In this homework, we will work with two datasets, US_counties and US_census. The dataset US_counties contains the geometry of each county in the US and thus can be used for drawing maps. The dataset US_census contains numerous pieces of information about US counties obtained from the US census. Both datasets have a column FIPS which can be used to uniquely identify each county in each dataset.

# data preparation
US_counties <- readRDS(url("https://wilkelab.org/SDS375/datasets/US_counties.rds")) %>%
  rename(FIPS = GEOID)

US_census <- read_csv(
  "https://wilkelab.org/SDS375/datasets/US_census.csv",
  col_types = cols(FIPS = "c")
)

Problem 1: (6 pts) Make a choropleth map of the percent home-ownership (column home_ownership in US_census) for all counties in the US. Choose an appropriate color scale and design for this plot. You may notice that there is one county in Alaska for which home-ownership data is not available. Write data analysis code to identify this county.

Hints:

  1. Use theme_void() as your theme

  2. You will have to join US_counties and US_census. Join them by the FIPS column.
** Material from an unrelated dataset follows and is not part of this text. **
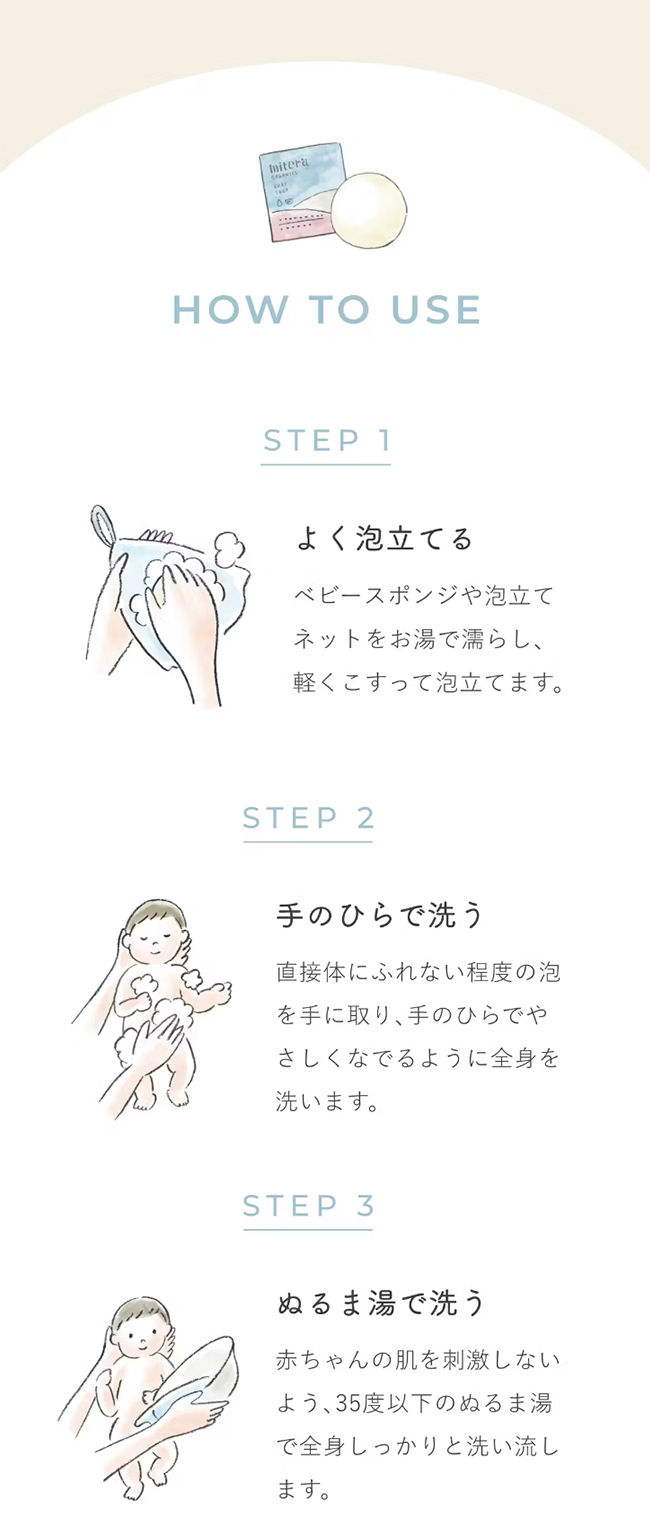 「mitera organics baby soap」をお試しいただき

  3. To make nice percent labels, you can use label = scales::label_percent(scale = 1) in your color scale function.

  4. To find rows with missing data, you may want to use the function is.na().
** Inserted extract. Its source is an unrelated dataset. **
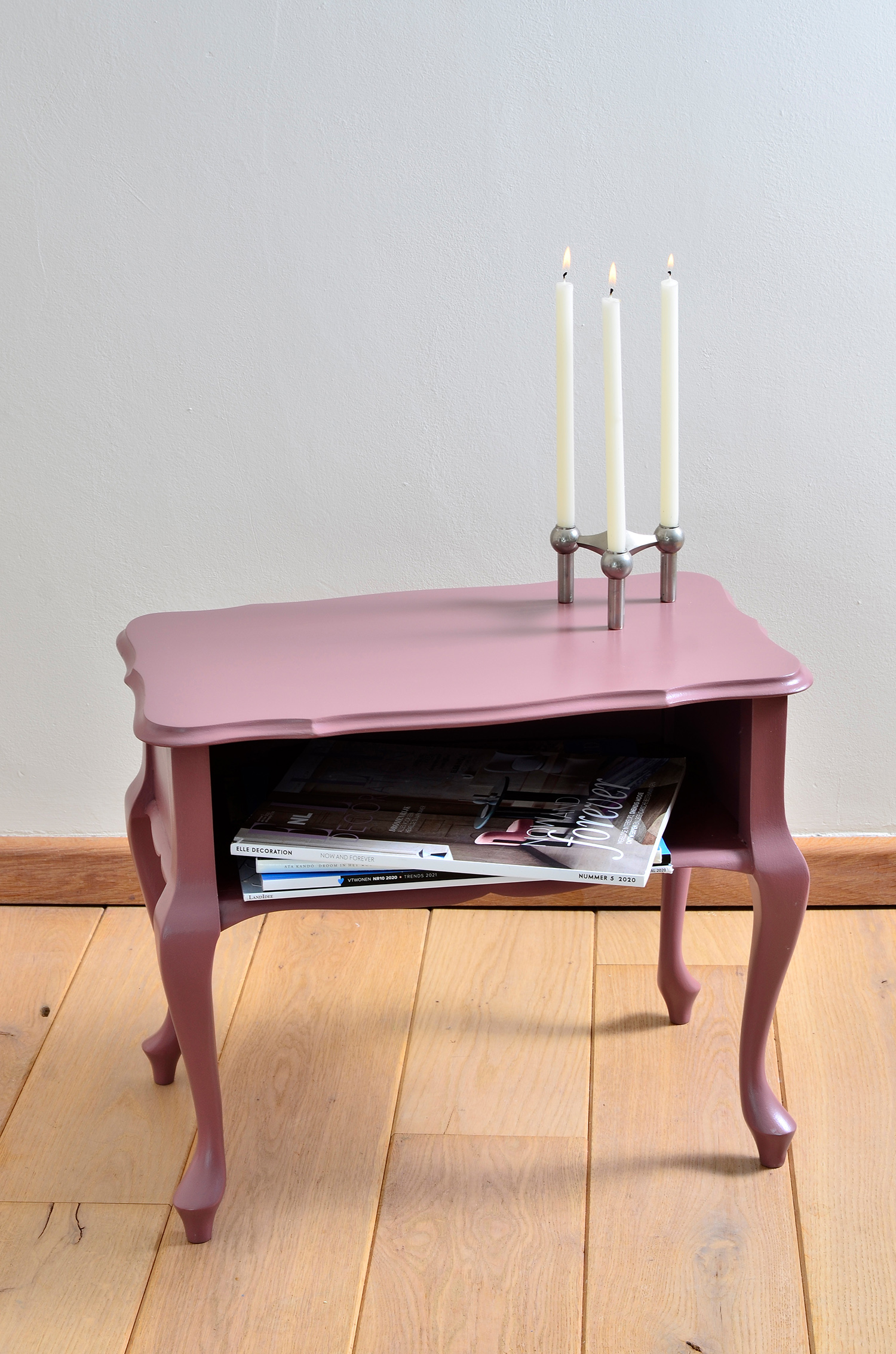 Dit mooie tafeltje met een vak voor tijdschriften of boeken is geschilderd in de kleur Jazz van Histor. Kan natuurlijk ook goed als nachtkastje fungeren.

Grade breakdown: 2pt for the plot, 2pt for the plot design, and 2pt for identifying the county in Alaska for which home ownership data is not available.

# code to make the plot
US_counties %>%
  left_join(US_census, by = "FIPS") %>%
  ggplot() +
  geom_sf(aes(fill = home_ownership), size = 0.1) +
  scale_fill_viridis_c(
    name = "home-ownership",
    option = "B",
    label = scales::label_percent(scale = 1)
  ) +
  theme_void()